After this meeting, I was on my way to the NYCBUG meeting, when I remembered the meetings had been changed from 6:00PM EST to 6:30PM, so, being in the area of Heathers, I popped in for a drink. Heather soon came in, and she mentioned that she used to do some tech support for Macs. We discussed that I may need more Mac people in the future, and, while she was not directly interested in such a role, she knew people who would be. Good to know.

Unfortunately, the next thing I knew, it was after 6:30PM, so I dashed out of Heathers and ran up to Baruch college on E 25th. By the time I made my way to the proper room (through two security checkpoints), it was the question and answer (QnA) portion of Ray Lai’s presentation on systrace. I was disappointed to only catch the last 15 minutes of his talk, as systrace is a good topic and its use is not as widespread as i’d expect in OpenBSD server environments.

My notes on the QnA follow.

-

There was a question about whether systrace has had any security issues itself, which made me chuckle a bit. Ray answered that it had on NetBSD (not OpenBSD), the last one that he knew of discovered back in 2004 (a quite simple local exploit).

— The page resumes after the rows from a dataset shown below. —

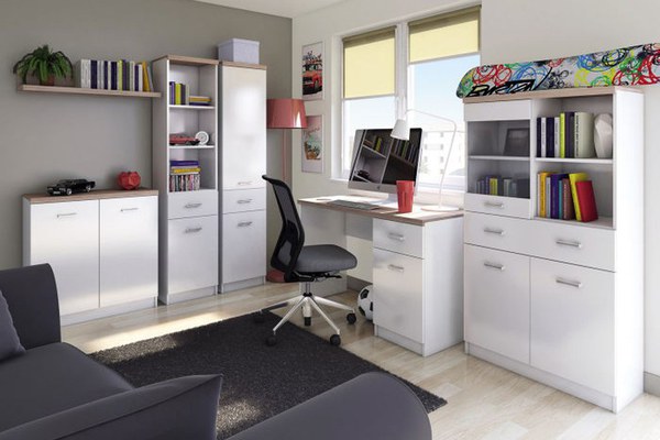 Set dormitor TOP MIX, 5 piese, birou, vitrina, 2 biblioteci, comoda, alb
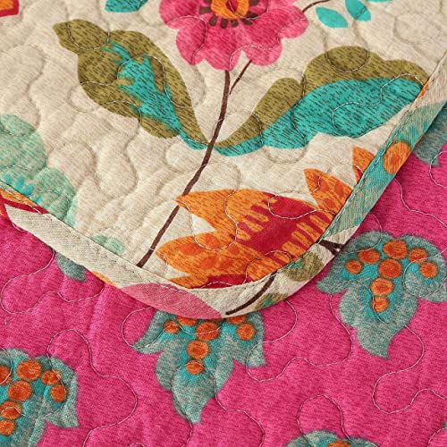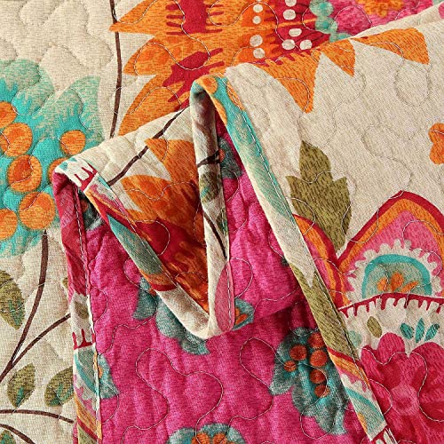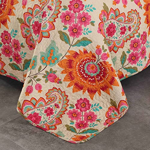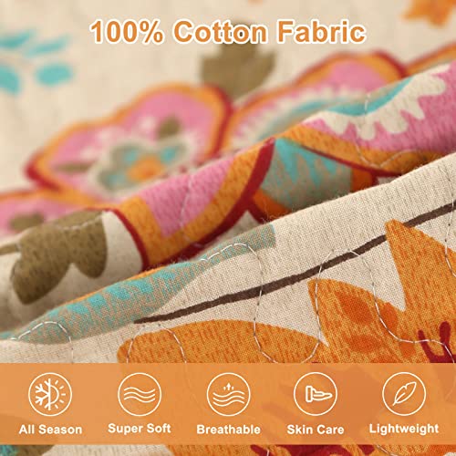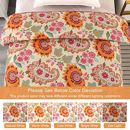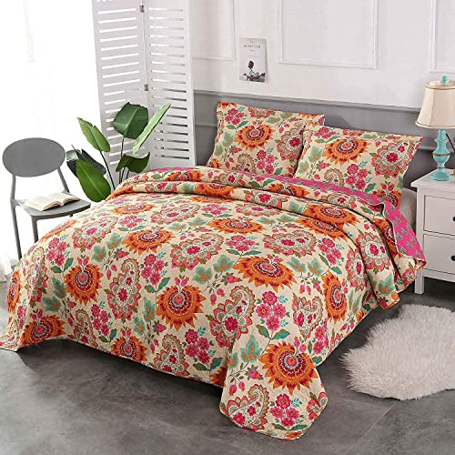 Qucover Tagesdecke Baumwolle 230×250 cm Bettüberwurf 220×240 Doppelbett Sofa Überwurf mit Paisley Sonnenblume Muster Gesteppte Decke in Vintage Stil
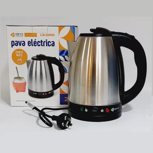 Capacidad: 2 litros %u2013 ACERO INOXIDABLE %u2013 MANIJA FRIA AL TACTO %u2013 Pico vertedor %u2013 Corte: Mate y Cafe + Corte automático al hervir %u2013 Protección contra funcionamiento sin agua %u2013 Base giratoria 360 grados %u2013 Botón apertura automática suave %u2013 Luz roja y verde de indicadores de uso y encendido %u2013 Función de Agua siempre caliente.

There was some discussion about using systrace to debug applications, which I had never really thought of explicitly in those terms before and so had me mumbling to myself a little in thought. For example, whenever an application crashes because systrace limited its access, well, you then go about debugging what access that application thinks it needs and why. I think the gist was taking the concept of that example and using it to learn about limiting an application’s privileges during development and testing.

Johnny Lam chimed in about using systrace to lockdown builds. When you download the source code for some rogue application and build it, you really don’t know what is going to happen during that build process. Since building generally requires a very limited set of permissions, it is easy to run the build in systrace with a very strict policy and note any weird access attempts. (I have really enjoyed hearing Johnny Lam discuss his NetBSD development environment, from encrypted file-backed domains in Xen with keys stored on a token to builds conducted using systrace.)

Ray noted that the OpenBSD ports have the option to use systrace during builds, although this option is not enabled by default (set the “USE_SYSTRACE” variable to “Yes”).

There was some discussion about systrace being easier to implement in server environments, where the services provided are normally well-defined and quite limited, versus a desktop environment, where there is a wide variety of software that a user may wish to run and covering all of it with systrace can be a huge, complicated task.

Systrace is part of base on both NetBSD and OpenBSD.

-

The presentation slides are available online here, and an audio recording of the presentation can be found here. (I am listening to it right now.)

Thanks to Ray Lai for presenting and NYCBUG for its continued efforts.